The biggest benefit of the current QI approach is that it does give some guidance to lower courts. As Justice Scalia acknowledges in the majority opinion, “such a departure from practice is ‘necessary to set forth principles which will become the basis for a [future] holding that a right is clearly established.'” Or maybe the Court just wants to give up establishing rights. Let’s see how the “Bong Hits” case comes out.

2. Good post here at Abstract Appeal discussing a very interesting Florida court of appeals case involving duties owed to children before they’re conceived. A doctor screwed something up during a birth, and it put the woman’s future yet-to-be-conceived children at risk. Sure enough, her next kid is injured. The court says the doctor owes a duty of care to the unborn kid and can be sued for malpractice. (I’m boiling it down pretty crudely. It’s actually a good discussion of duty to third party concepts and the “zone of danger.”)

First, I’ll be interested to see how the group of people who are both pro-tort reform and pro-life react to this case. (I’m kind of being snarky — I figure they’ll be fine letting the kid sue but will still cap the damages.) Second, I have to wonder if this case will one day be cited somewhere along the slippery slope in an argument over the rights of, and duties owed to, fetuses.

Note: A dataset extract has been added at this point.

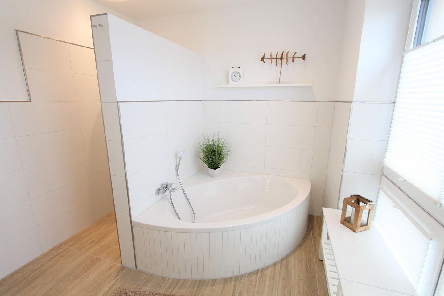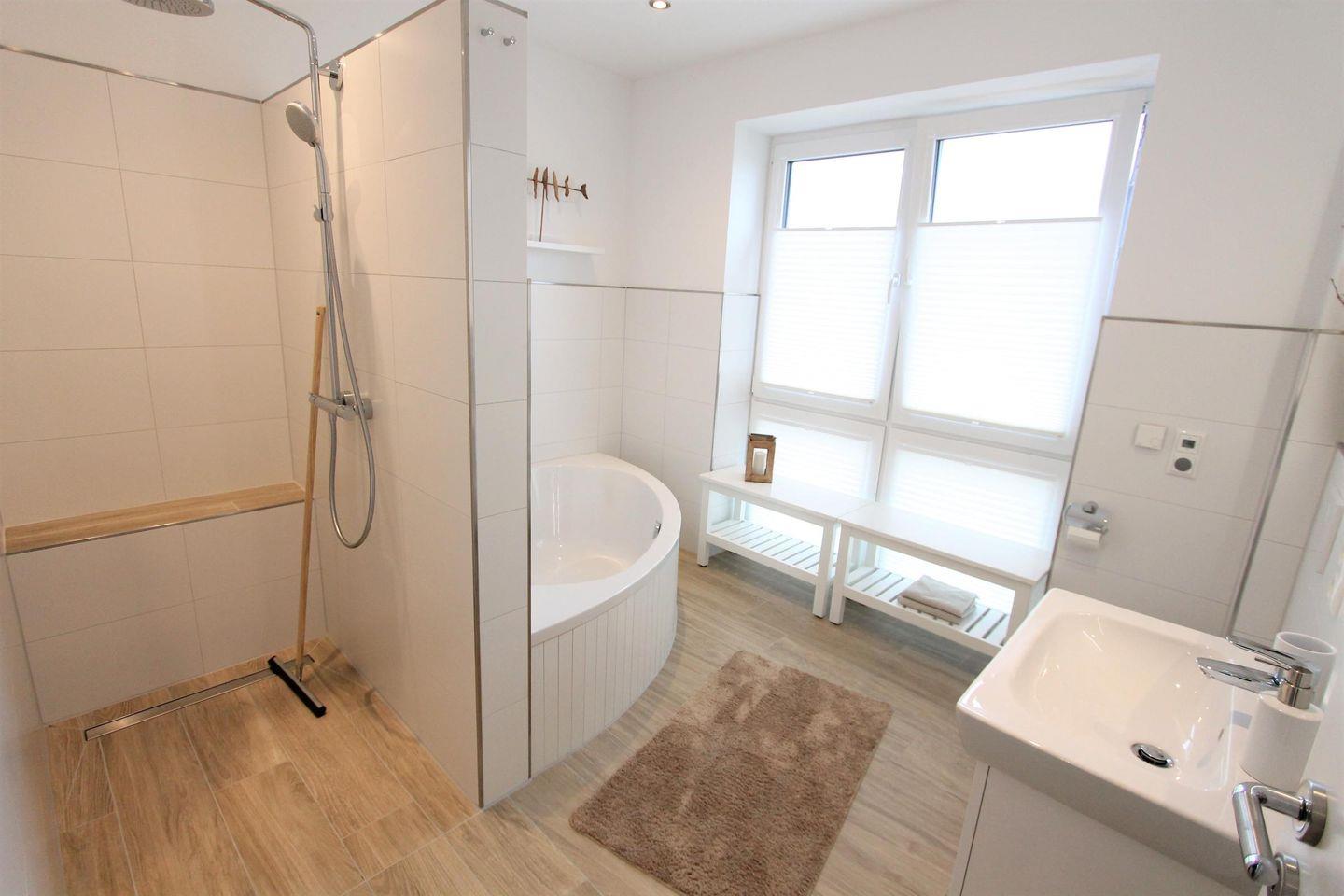 bodentiefe, barrierefreie Sommerregendusche mit großer Sitz-/Ablagemöglichkeit, Eckbadewanne, Waschtischanlage mit Spiegel, Schminkspiegel, WC, Handtuchheizung, Föhn, Einbauradio, Abstellflächen, Handtuchhaken

I think the court is probably right here, given that (a) the doctor should have recognized the problem with the first birth, and (b) if the doctor had met his duty of care to the mother during the second birth, i.e., gotten a complete history, then (c) he probably would have acted differently during the second birth and the kid would not have been injured. And the court does a good job in limiting the scope of the opinion. But it just strikes me as the type of case that might be spun and stretched down the road somewhere.

3. There’s a little buzz at from Prof. Volokh at his place and Will Baude at Crescat over the new Anthony Hopkins movie Fracture. They have all the spoilers if you want to check them out. (This post is only semi-spoily.) Basically, there’s a legal issue that kind of twisty. It’s probably right on Double Jeopardy law, but probably wrong on collateral estoppel law. As an aside, back in January, I discussed some similar issues in a post about trying O.J. Simpson for conspiracy to commit murder. I noted that such a case might be able to get around Double Jeopardy but would likely run into a collateral estoppel problem based on O.J’s acquittal on murder charges. Obviously, it was a complete throwaway thought experiment regarding O.J., but it’s nice to know I would have spotted the issue if I had seen Fracture.

4. Not strictly about law (yet), but I found this interesting and wanted to pass it along: A new academic study says that white referees call more fouls against black players than against white players in NBA games. The difference was up to 4.5%. (To a lesser degree, black officials call more fouls against white players.) I haven’t looked closely at this yet. But I have a feeling we’ll be hearing more about it. Kudos to the reporter who gets a quote on the matter from Don Imus.